- _GOAL OF THE EXERCISE_
Write out, from the entries below, exactly the lines that run between the lines holding "He loves music" and "英高校迎新生掀起泡沫大战 学生造型各异满身白沫", inclusive, and stop there.

- _DATA EXCERPTS_
━━━━━━━━━━

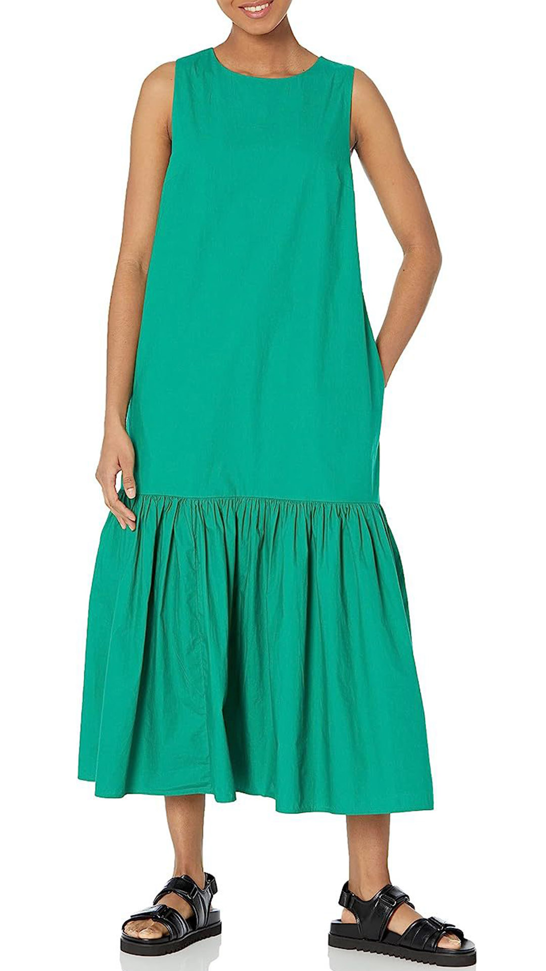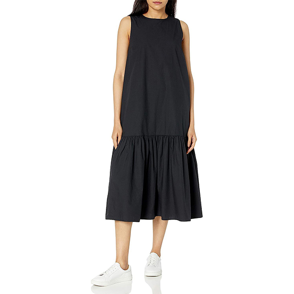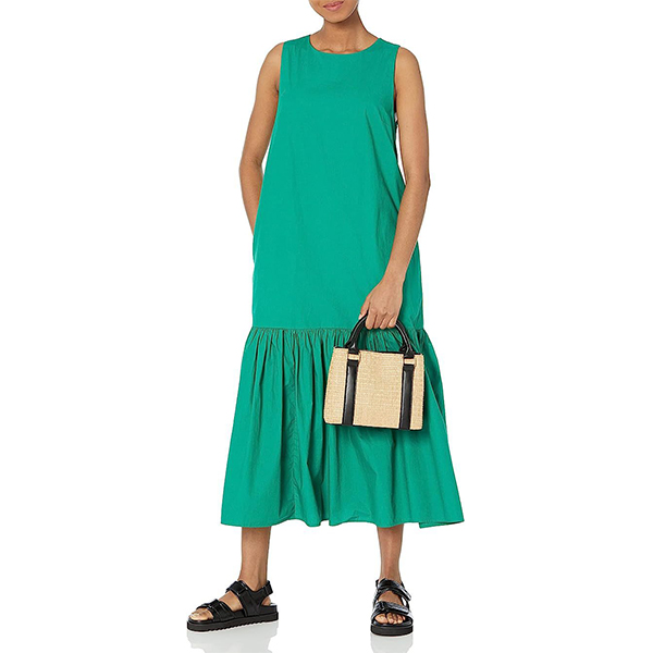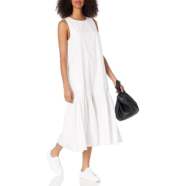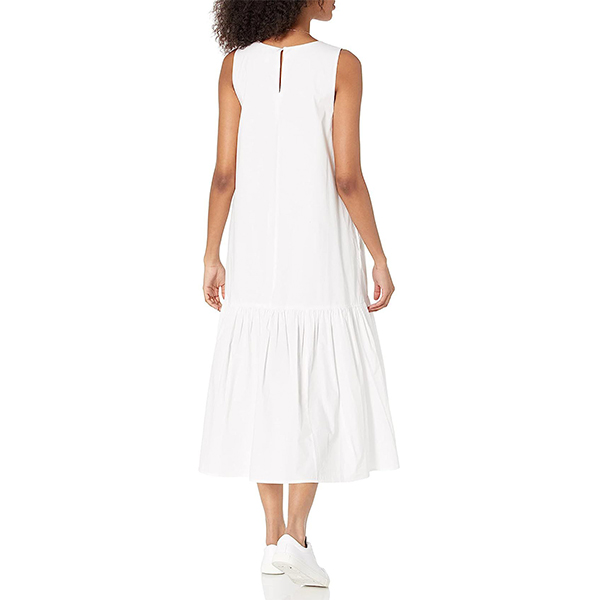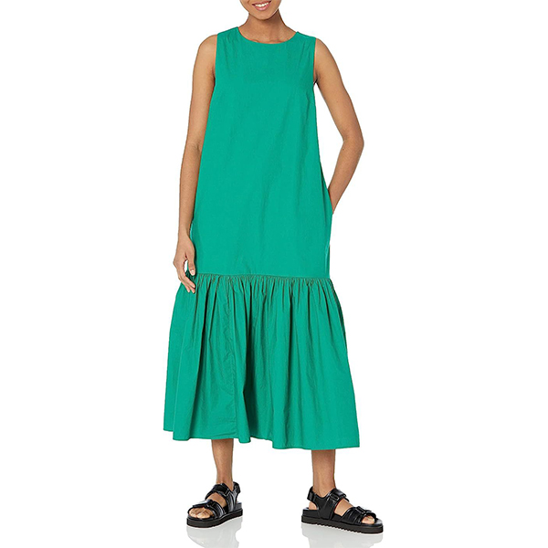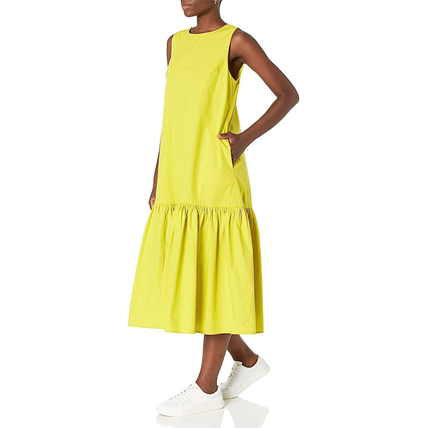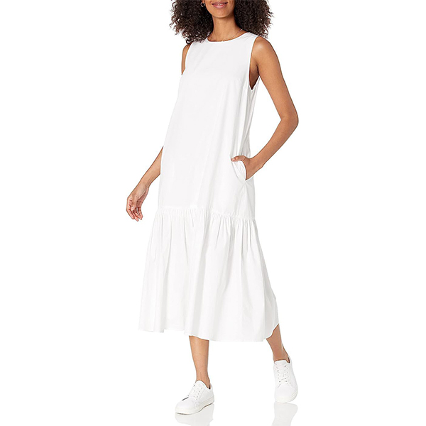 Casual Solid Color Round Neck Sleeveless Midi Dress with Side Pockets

━━━━━━━━━━

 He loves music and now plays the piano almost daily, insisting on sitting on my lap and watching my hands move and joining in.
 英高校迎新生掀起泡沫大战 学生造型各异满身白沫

━━━━━━━━━━

- _WRITTEN ANSWER_
 He loves music and now plays the piano almost daily, insisting on sitting on my lap and watching my hands move and joining in.
 英高校迎新生掀起泡沫大战 学生造型各异满身白沫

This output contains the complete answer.